Burnout: Championship Drag Racing, also known as simply Burnout, is a video game developed by MediaTech West and published by Bethesda Softworks for MS-DOS, released on March 20, 1998. A Player's Choice Edition was released in September 1998 for both DOS and Microsoft Windows. Burnout was licensed by the Hot Rod magazine. Although the name suggests otherwise, the game is not a part of the Burnout series, which would begin 3 years later in 2001.

Development
The game was developed by Washington based MediaTech West, the same team that did XCar: Experimental Racing in conjunction with Hot Rod Magazine.
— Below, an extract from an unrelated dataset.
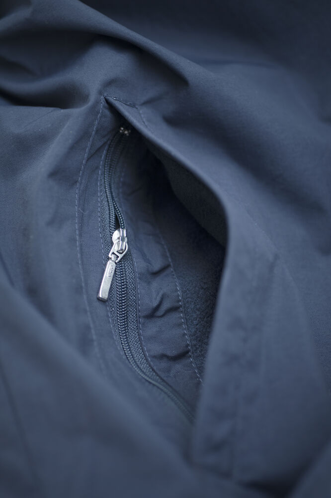 Moderne, unisex jas met fleece voering gemaakt van hoogwaardig materiaal met PU-coating voor bescherming tegen wind en water. De jas heeft een eigentijdse uitstraling dankzij de moderne pasvorm en het hedendaagse design met contrasterende elementen aan de binnenkant van de mouwen en onderaan de jas. De jas is voorzien van twee steekzakken met daaronder zakken met rits en een binnenzak met rits. De jas is gemakkelijk te veredelen dankzij de drukkersrits aan de binnenzijde.

The game utilizes Bethesda's XnGine It was originally scheduled  to be released in November 1997. The game went gold on March 13, 1998

Reception

The game received average reviews according to the review aggregation website GameRankings. GameSpot said, "Burnout has such a refreshing feel and intense bursts of white-knuckled action that it's really worth sticking it out for a while." Next Generation said, "The single race is nice for a quick, visceral moment, but the real game is competing in a season or going head-to-head with someone over a network – by far the most adrenaline-pumping way to play."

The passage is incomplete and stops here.